The European Commission has approved the administration of thyme for cough and bronchitis. In the case of thymol and carvacrol, a broad spectrum of effects against bacteria involved in the infections of the upper respiratory tract has been observed. It is believed that thymol and carvacrol exert their antibacterial activity through complex formation with the proteins in the bacterial membrane. A synergistic effect has also been demonstrated for thymol and carvacrol. Furthermore, it has been demonstrated that sufficient doses of thymol and carvacrol have relaxant effects on the trachea. Various clinical trials have confirmed the efficacy of thyme on productive cough. In a randomized double-blind clinical trial, 60 patients with productive cough were administered thyme syrup or bromhexine syrup for a period of 5 days. According to the patents’ self-reports, there existed no significant difference between the two groups and both observed identical improvement by both of the medications. There was significant non-statistical progress in health of non-smokers compared to smokers in both groups.

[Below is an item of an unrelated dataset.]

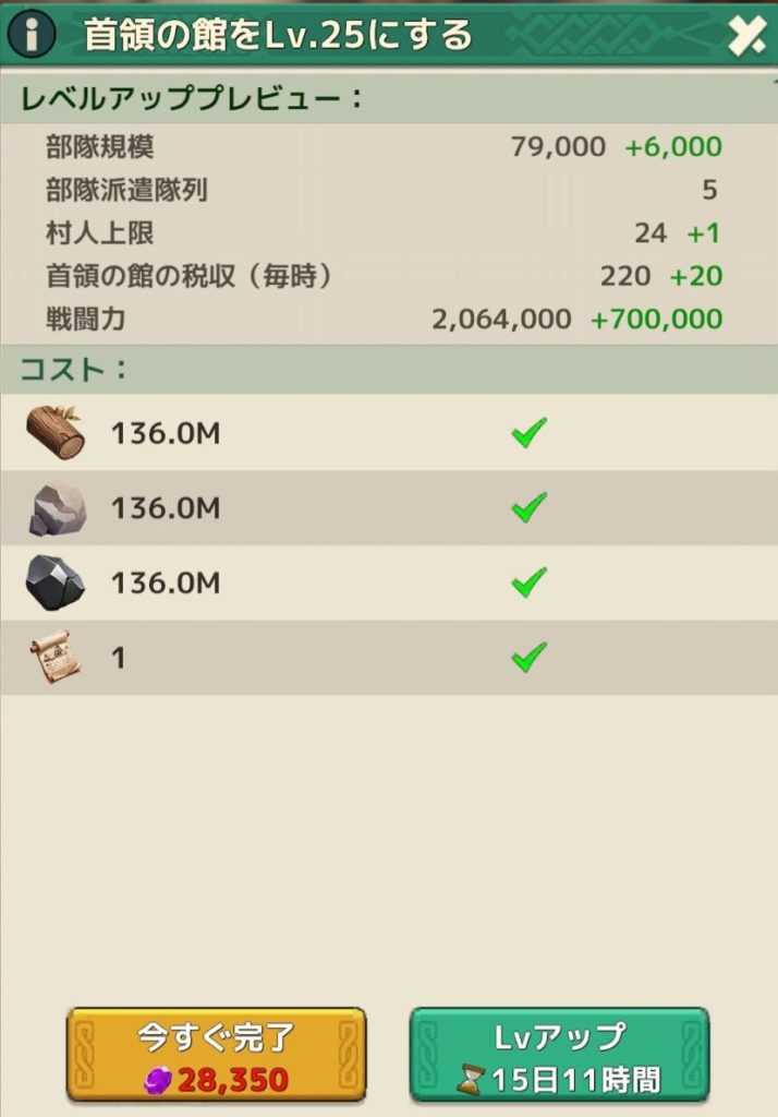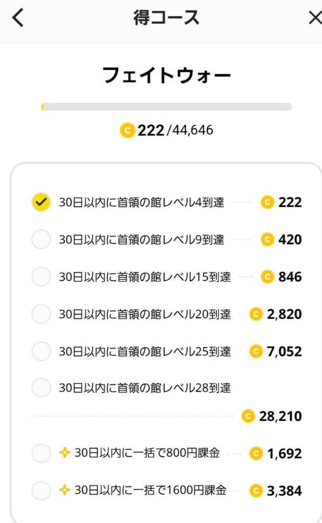 合計で44646コインが貰えますが、城レベル28は不可能みたいなので今回は25までかな?

Commission E has approved the use of fennel for treatment of inflammation of mucus membranes in the upper respiratory tract. Fennel is expectorant and it enhances the mucociliary activity of the ciliated epithelium of the respiratory tracts. The chemical structure of the anethole present in fennel resembles that of catecholamines (adrenaline, noradrenaline and dopamine) and like adrenaline, fennel is a bronchodilator. In guinea pig, administration of fennel essential oil as inhaler caused mild antitussive or cough suppressant effects on coughs induced by mechanical stimulants. The antibacterial properties of fennel essential oil is determined as identical or more than the antibiotics streptopenicillin, penicillin and tetracycline.
Thyme and Fennel
To evaluate the effects of thyme and fennel essential oils in treatment of cough, in a controlled, randomized, double-blind clinical trial, 119 patients of more than 14 years of age suffering from acute cough were administered three times per day, 20 drops Tussivin Oral Drop (containing sweet fennel and Iranian thyme essential oils), clobutinol drop or placebo for 3 days. At the end of this course, complete recovery was reported in the group receiving Tussivin Oral Drop and clobutinol as 50% and in the placebo group 9.1%. The efficacy of Tussivin Oral Drop, clobutinol and placebo, in patients with productive cough, was reported as 66.7%, 55% and 14.3%, respectively, and 56.5%, 55% and 20% in patients with nonproductive cough. In the degree of improvement of cough, significant difference was observed between Tussivin Oral Drop, clobutinol and placebo (p<0.01), but no significant difference was observed between Tussivin Oral Drop and clobutinol (p>0.4).
Considering the expectorant properties of fennel, alleviation of cough along with aiding with expulsion of mucus is among the properties of Tussivin Oral Drop.